Exercise aim: The expected response is an exact repetition of every record, with images excluded.

Extracted information:
*** Begin section ***

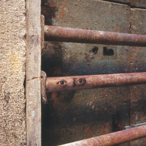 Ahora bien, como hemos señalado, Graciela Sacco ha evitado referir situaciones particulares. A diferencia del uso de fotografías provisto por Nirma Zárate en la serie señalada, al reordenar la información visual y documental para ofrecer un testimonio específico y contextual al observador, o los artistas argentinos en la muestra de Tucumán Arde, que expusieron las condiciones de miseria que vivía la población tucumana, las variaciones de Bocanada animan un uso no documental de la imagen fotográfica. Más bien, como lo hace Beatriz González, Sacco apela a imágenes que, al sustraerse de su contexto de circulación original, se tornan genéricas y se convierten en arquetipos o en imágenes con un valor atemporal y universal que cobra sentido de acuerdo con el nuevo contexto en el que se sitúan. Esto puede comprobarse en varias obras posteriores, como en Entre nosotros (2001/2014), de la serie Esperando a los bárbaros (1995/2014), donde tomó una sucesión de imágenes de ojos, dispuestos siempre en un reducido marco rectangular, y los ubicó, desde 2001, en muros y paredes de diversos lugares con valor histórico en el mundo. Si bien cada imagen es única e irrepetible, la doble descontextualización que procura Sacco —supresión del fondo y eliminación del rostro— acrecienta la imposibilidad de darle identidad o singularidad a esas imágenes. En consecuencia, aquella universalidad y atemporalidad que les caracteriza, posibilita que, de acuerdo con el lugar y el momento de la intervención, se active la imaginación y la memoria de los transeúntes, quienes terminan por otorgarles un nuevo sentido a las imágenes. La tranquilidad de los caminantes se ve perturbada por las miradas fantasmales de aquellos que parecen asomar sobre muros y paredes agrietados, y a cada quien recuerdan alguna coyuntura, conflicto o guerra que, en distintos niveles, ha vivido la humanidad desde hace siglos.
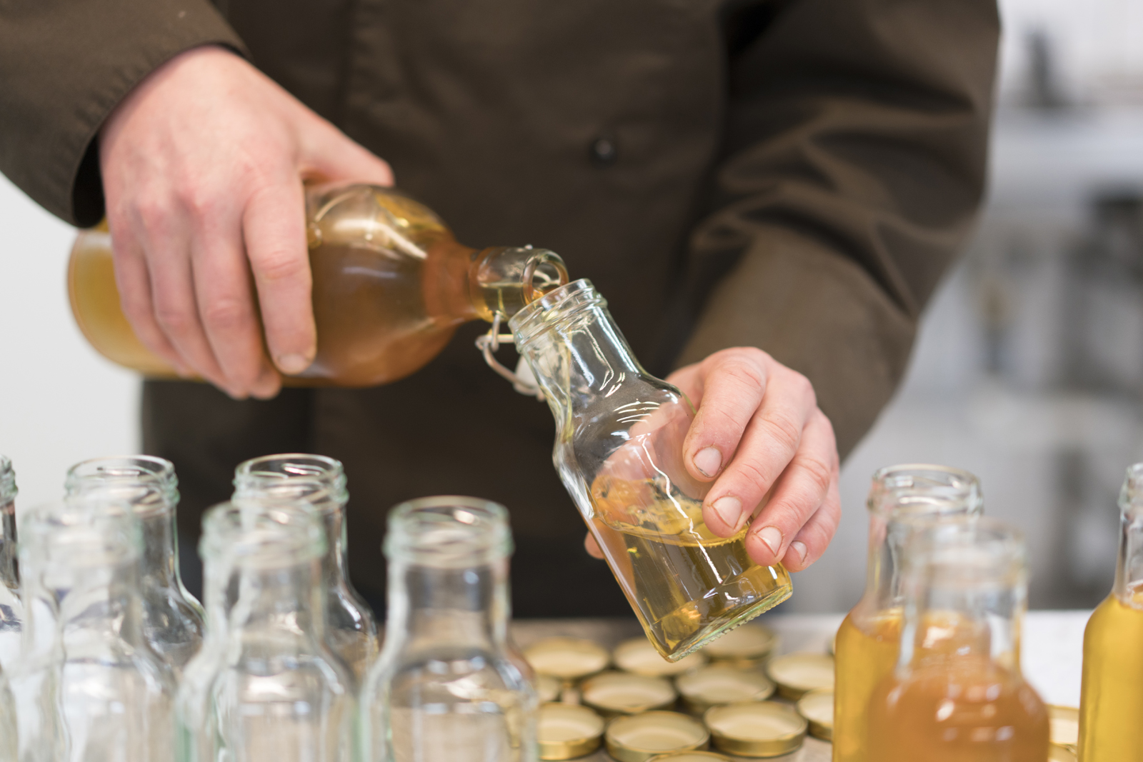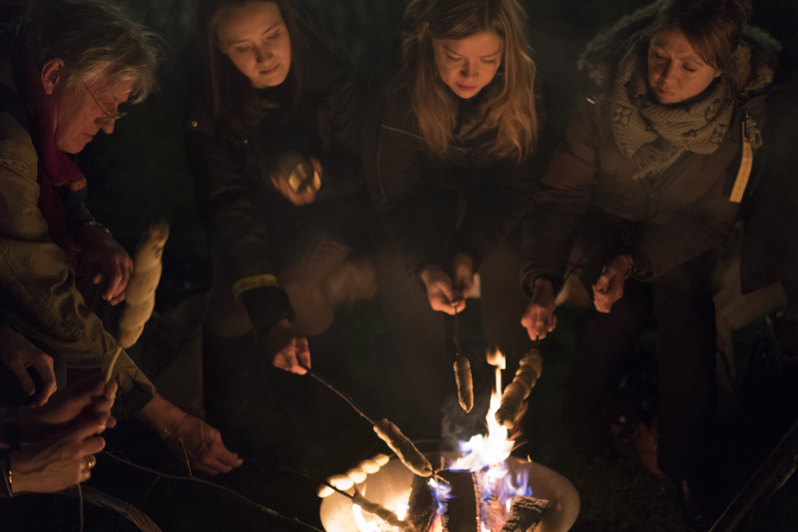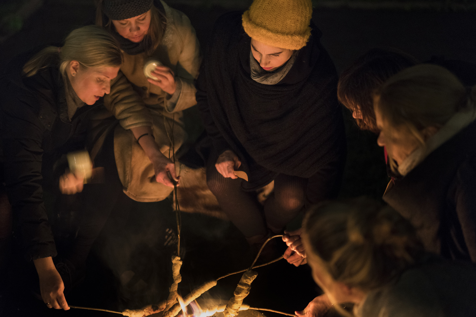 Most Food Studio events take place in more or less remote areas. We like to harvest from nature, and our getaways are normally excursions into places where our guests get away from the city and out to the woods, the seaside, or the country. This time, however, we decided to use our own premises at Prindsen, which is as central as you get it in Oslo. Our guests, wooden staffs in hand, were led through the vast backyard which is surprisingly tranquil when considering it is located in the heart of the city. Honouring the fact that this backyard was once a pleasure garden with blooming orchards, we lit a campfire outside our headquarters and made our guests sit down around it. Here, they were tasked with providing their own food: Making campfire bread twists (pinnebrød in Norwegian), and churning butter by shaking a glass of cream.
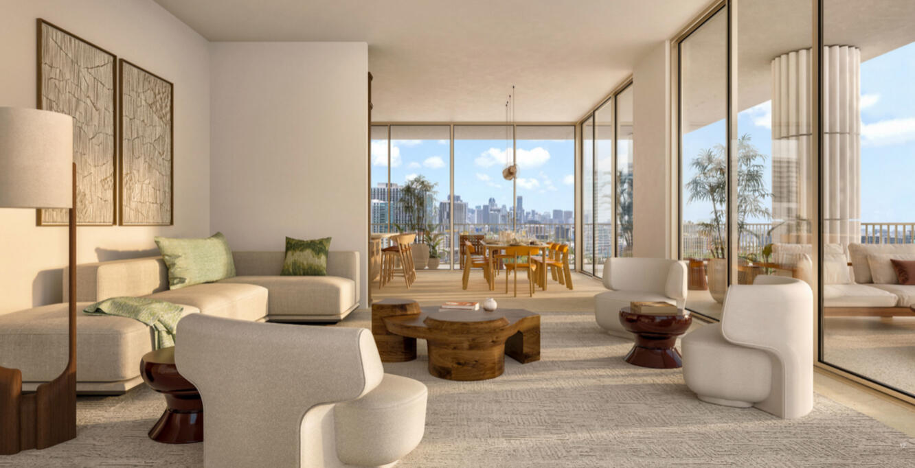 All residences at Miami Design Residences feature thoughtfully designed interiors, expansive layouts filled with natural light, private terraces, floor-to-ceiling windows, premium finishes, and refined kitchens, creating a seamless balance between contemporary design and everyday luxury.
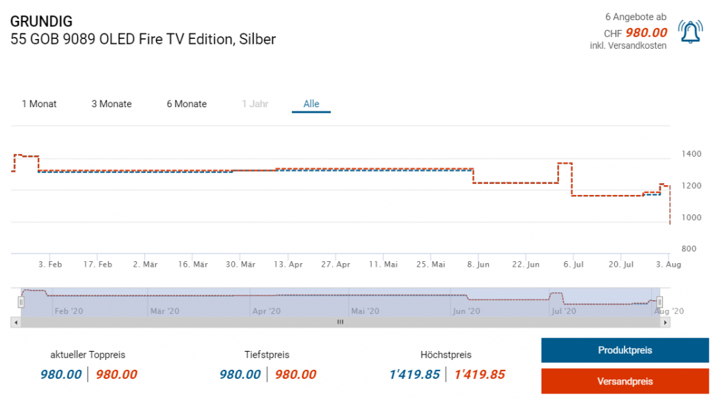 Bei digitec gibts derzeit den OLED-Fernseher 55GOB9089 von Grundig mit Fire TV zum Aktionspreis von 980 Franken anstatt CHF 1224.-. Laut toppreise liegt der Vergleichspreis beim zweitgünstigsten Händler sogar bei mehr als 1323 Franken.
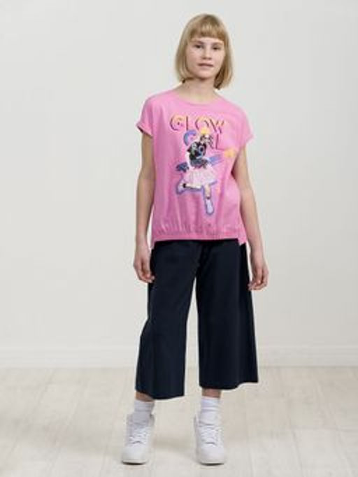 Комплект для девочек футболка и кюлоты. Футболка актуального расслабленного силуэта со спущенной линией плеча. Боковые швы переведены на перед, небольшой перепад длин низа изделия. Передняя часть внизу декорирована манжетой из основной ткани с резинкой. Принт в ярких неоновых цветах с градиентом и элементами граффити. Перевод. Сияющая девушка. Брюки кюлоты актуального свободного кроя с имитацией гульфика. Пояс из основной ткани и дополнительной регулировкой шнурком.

*** End section ***

Task output:
 Ahora bien, como hemos señalado, Graciela Sacco ha evitado referir situaciones particulares. A diferencia del uso de fotografías provisto por Nirma Zárate en la serie señalada, al reordenar la información visual y documental para ofrecer un testimonio específico y contextual al observador, o los artistas argentinos en la muestra de Tucumán Arde, que expusieron las condiciones de miseria que vivía la población tucumana, las variaciones de Bocanada animan un uso no documental de la imagen fotográfica. Más bien, como lo hace Beatriz González, Sacco apela a imágenes que, al sustraerse de su contexto de circulación original, se tornan genéricas y se convierten en arquetipos o en imágenes con un valor atemporal y universal que cobra sentido de acuerdo con el nuevo contexto en el que se sitúan. Esto puede comprobarse en varias obras posteriores, como en Entre nosotros (2001/2014), de la serie Esperando a los bárbaros (1995/2014), donde tomó una sucesión de imágenes de ojos, dispuestos siempre en un reducido marco rectangular, y los ubicó, desde 2001, en muros y paredes de diversos lugares con valor histórico en el mundo. Si bien cada imagen es única e irrepetible, la doble descontextualización que procura Sacco —supresión del fondo y eliminación del rostro— acrecienta la imposibilidad de darle identidad o singularidad a esas imágenes. En consecuencia, aquella universalidad y atemporalidad que les caracteriza, posibilita que, de acuerdo con el lugar y el momento de la intervención, se active la imaginación y la memoria de los transeúntes, quienes terminan por otorgarles un nuevo sentido a las imágenes. La tranquilidad de los caminantes se ve perturbada por las miradas fantasmales de aquellos que parecen asomar sobre muros y paredes agrietados, y a cada quien recuerdan alguna coyuntura, conflicto o guerra que, en distintos niveles, ha vivido la humanidad desde hace siglos.
 Most Food Studio events take place in more or less remote areas. We like to harvest from nature, and our getaways are normally excursions into places where our guests get away from the city and out to the woods, the seaside, or the country. This time, however, we decided to use our own premises at Prindsen, which is as central as you get it in Oslo. Our guests, wooden staffs in hand, were led through the vast backyard which is surprisingly tranquil when considering it is located in the heart of the city. Honouring the fact that this backyard was once a pleasure garden with blooming orchards, we lit a campfire outside our headquarters and made our guests sit down around it. Here, they were tasked with providing their own food: Making campfire bread twists (pinnebrød in Norwegian), and churning butter by shaking a glass of cream.
 All residences at Miami Design Residences feature thoughtfully designed interiors, expansive layouts filled with natural light, private terraces, floor-to-ceiling windows, premium finishes, and refined kitchens, creating a seamless balance between contemporary design and everyday luxury.
 Bei digitec gibts derzeit den OLED-Fernseher 55GOB9089 von Grundig mit Fire TV zum Aktionspreis von 980 Franken anstatt CHF 1224.-. Laut toppreise liegt der Vergleichspreis beim zweitgünstigsten Händler sogar bei mehr als 1323 Franken.
 Комплект для девочек футболка и кюлоты. Футболка актуального расслабленного силуэта со спущенной линией плеча. Боковые швы переведены на перед, небольшой перепад длин низа изделия. Передняя часть внизу декорирована манжетой из основной ткани с резинкой. Принт в ярких неоновых цветах с градиентом и элементами граффити. Перевод. Сияющая девушка. Брюки кюлоты актуального свободного кроя с имитацией гульфика. Пояс из основной ткани и дополнительной регулировкой шнурком.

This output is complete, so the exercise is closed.